Introduction: Early Modern Women’s Mobility
Published online by Cambridge University Press: 08 May 2024
Summary
Abstract
The new parameters of a global world in the early modern period gave rise to spatial and social mobility for women of different social ranks. This volume investigates the journeys across the Spanish Empire of numerous women who assumed new and often unpredictable roles in distant environments. Breaking with traditional roles, noblewomen exercised political agency as ambassadresses and diplomatic spies or fled to escape political or domestic oppression. Women financiers and merchants traversed the Mediterranean to command financial enterprises in different cities. Others risked transoceanic journeys to the New World, achieving positions of colonial power or cross-dressing as soldiers in support of imperial causes, while nuns founded convents throughout the Spanish Empire as far as Peru, Mexico, and the Philippine Islands.
Keywords: women travelers, female financiers, transatlantic convent foundations, early modern ambassadresses, colonial encomenderas
The vast polycentric territories known as the Spanish Monarchy, expanded through the dynastic policies of the Habsburgs and stretched across the European continent and overseas, gave its diverse subjects, bound by religion and a distant government apparatus, possibilities of movement that allowed for imminent personal and social changes, whether in pursuit of what they thought could lead to their well-being or as an escape from that which they perceived caused them harm. The geopolitical expansion of the early modern period, intrinsically linked to both the emergent humanist understanding of past cultures and the external world, in turn fomenting self-knowledge and interiority, opened increasing opportunities for men and women of all ranks to attain an unprecedented sense of intellectual and physical freedom. While most who traveled did so on account of concrete human needs, the awareness of new worlds so recently within reach nevertheless awakened many to the realization of their potential advancement and transformation.

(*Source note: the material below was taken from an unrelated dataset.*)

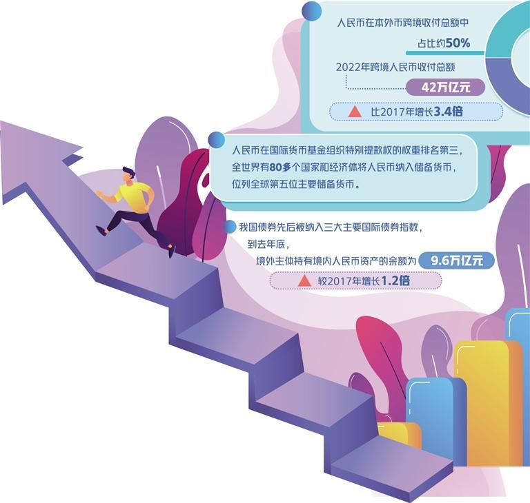 据潘功胜介绍,当前人民币国际化推进的成果表现在:一是人民币在本外币跨境收付总额中占了约50%,2022年跨境人民币收付总额是42万亿元,比2017年增长了3.4倍。

One of the corollaries of increased mobilization was the consolidation of the Spanish Monarchy under the Habsburg emperor Charles V. With the European counterparts of Flanders and the Aragonese kingdoms of Sardinia, Sicily, and Naples already under his rule, the recently colonized territories further extended the empire's global reach. Yet the human consequences of these migratory movements would weigh heavily on history, as they incited indigenous resistance, material exploitation, and the imposition of slavery, all the while spreading Christianity and promoting cultural transference.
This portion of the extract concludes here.